= PROVIDED RECORDS =
###

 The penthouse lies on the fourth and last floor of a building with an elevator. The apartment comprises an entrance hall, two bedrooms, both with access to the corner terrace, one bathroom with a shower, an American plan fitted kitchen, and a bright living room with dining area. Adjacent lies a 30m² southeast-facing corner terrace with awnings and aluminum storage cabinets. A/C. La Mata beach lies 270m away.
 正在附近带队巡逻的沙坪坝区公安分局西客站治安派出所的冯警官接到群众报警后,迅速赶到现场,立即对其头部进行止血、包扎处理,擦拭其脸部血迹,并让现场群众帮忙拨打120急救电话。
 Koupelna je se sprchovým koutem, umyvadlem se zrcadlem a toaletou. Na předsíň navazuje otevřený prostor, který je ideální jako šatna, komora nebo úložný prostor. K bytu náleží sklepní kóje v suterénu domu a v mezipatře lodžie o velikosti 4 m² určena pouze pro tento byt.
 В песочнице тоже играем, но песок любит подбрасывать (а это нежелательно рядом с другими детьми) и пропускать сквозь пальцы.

###

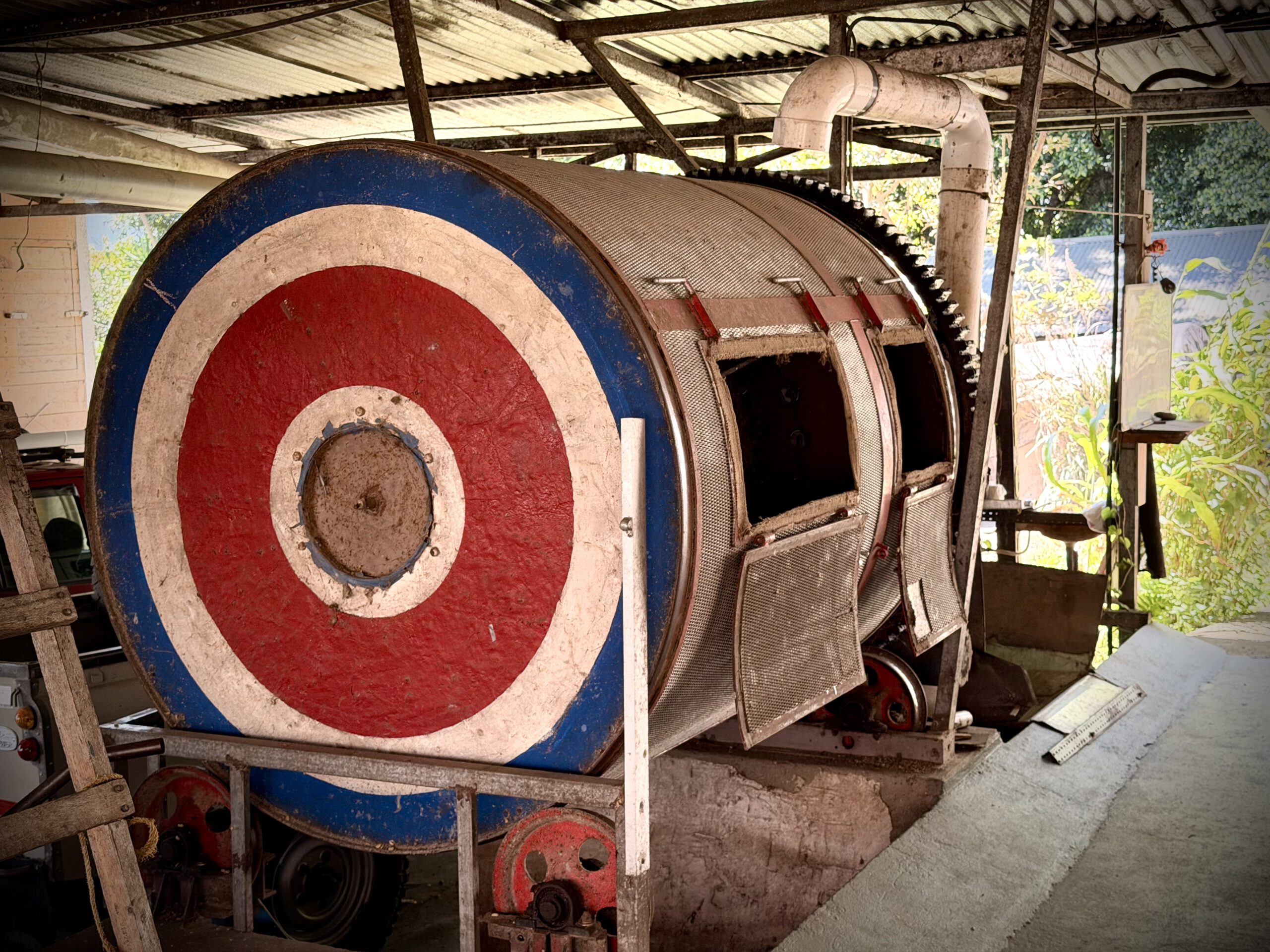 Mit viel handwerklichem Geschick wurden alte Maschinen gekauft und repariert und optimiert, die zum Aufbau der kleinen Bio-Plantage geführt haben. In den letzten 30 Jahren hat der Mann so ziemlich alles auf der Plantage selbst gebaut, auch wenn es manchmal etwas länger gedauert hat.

###

= WHAT YOU NEED TO DO =
Return only the stretch of the material above from the line holding "Koupelna je se" through the line holding "В песочнице тоже", copied exactly.

= REPLY =
 Koupelna je se sprchovým koutem, umyvadlem se zrcadlem a toaletou. Na předsíň navazuje otevřený prostor, který je ideální jako šatna, komora nebo úložný prostor. K bytu náleží sklepní kóje v suterénu domu a v mezipatře lodžie o velikosti 4 m² určena pouze pro tento byt.
 В песочнице тоже играем, но песок любит подбрасывать (а это нежелательно рядом с другими детьми) и пропускать сквозь пальцы.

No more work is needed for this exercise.